Even though lots of people recommend it, I’d never really checked out the Sin City series. Just one of those things I never got around to. (Besides, I was already spending waaayyyy too much money on comic books at that point.) Now having seen the movie, wow, was I missing out. Good stuff.


The other day I picked up a bunch of the books from the local comic book shop and need to order the rest off Amazon.


It also still has one of my favorite quotes in all of comicbookdom:


“Sometimes sticking up for your friends means killing a whole lot of people.”


Too true.

And Sang says I don’t even speak English…

Sunday, April 17th, 2005

Your Linguistic Profile:

85% General American English
5% Midwestern
5% Upper Midwestern
5% Yankee
0% Dixie

I Agree with Pat Sajak?

Friday, April 15th, 2005

Bravo, well said!

(via Jimmy)

Changing Application/File type Associations in OS X?

Sunday, April 10th, 2005

Maybe I’m missing something incredibly obvious, but in OS X how the hell do you change what application launches when you double-click a file??

For some completely idiotic reason, it seems TextEdit has decided it owns my .txt files. Completely idiotic because every time I try to save the damn thing it tells me it can’t write the fucking format! (And these are simple text files!!!)

Update: Ah ha! Selected one of the files -> Get Info -> Expand “Open With”, Select application, click “Change All. Not obvious, but yeah, not that bad. I still think whoever did TextEdit deserves a cock-punching for their idiocy.

Google Maps + Craigslist = _Cool_

Friday, April 8th, 2005

My brother, who just bought a townhouse in Seattle, IM’ed this to me today:

http://www.paulrademacher.com/housing/

It places real estate listings from Craigslist onto Google Maps, making it quick & easy to see what’s available where & for what price. This is awesome. In the past when looking for places to rent — and now looking for a place to buy — this is exactly what I’ve been looking for. (If only they incorporate MLS listings to boot!)

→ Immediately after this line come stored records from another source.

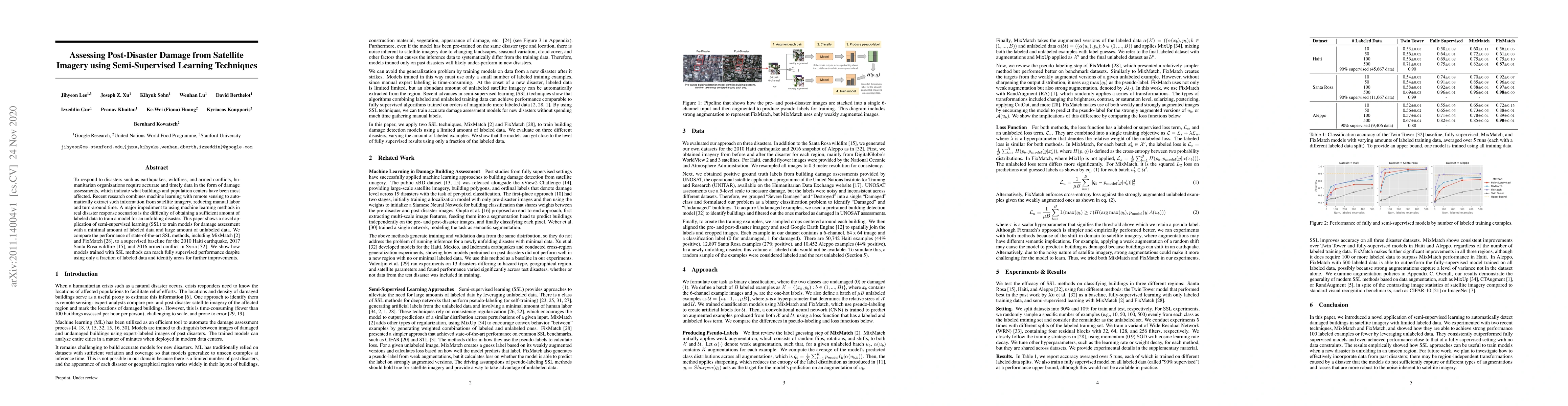 Researchers used semi-supervised learning techniques to analyze satellite imagery for post-disaster damage assessments, achieving performance similar to supervised methods with minimal labeled data.
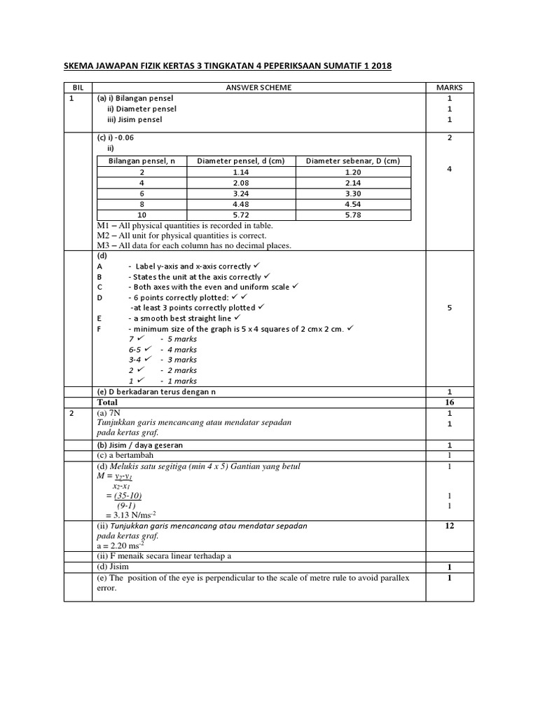 Soalan Percubaan SPM Fizik Terengganu 2018 adalah sebahagian kertas soalan yang telah berjaya dikumpulkan dan dikemaskini oleh GuruBesarmy. 1992019 Koleksi Soalan SPM 2014 Sehingga SPM 2018. SKEMA PERCUBAAN SPM FIZIK 2018 KERTAS 3 1 a i 1 ii 1 iii 1 b 2 c 5 d 5 e 1 TOTAL MARKS 16 No.
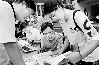6月27日,河南省洛阳市汝阳县第二高级中学教师为学生报考志愿出谋划策。康红军摄/光明图片
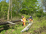 Ins Gespräch kam das Projekt in der Samtgemeinde Stadtoldendorf bereits im Jahr 2007. Die Handwerksarbeiten vor Ort leisteten 2013 vier Mitarbeiter des Bauhofs und ein Jungunternehmer bei Sonnenschein und weißenblauem Himmel mit einem (gelegentlichen) Blick auf die üppig blühenden Schlüsselblumen auf den Holzbergwiesen und herrlich leuchtende Rapsfelder (M. Stolz 2013). Großen Anteil am Gelingen hatte Dirk Wollenweber, zunächst stellvertretender und jetzt Bürgermeister von Linnenkamp. Er war beim Aufbau der Attrappe dabei genauso wie der Bürgermeister von Wangelnstedt, Manfred Adam.

The cool thing is you can get all of this data from Craiglist via XML. I’m not sure there’s a web services API for Google Maps, but it’s a great example of how one could be used. It’s even better example of why open apis and letting your customers innovate is freaking brilliant idea.

paulrademacher I don’t know you, but thank you! (Now can we get one with MLS data? Pretty please? :-)

For the Record…

Wednesday, April 6th, 2005

For the record I am not Michael Moore.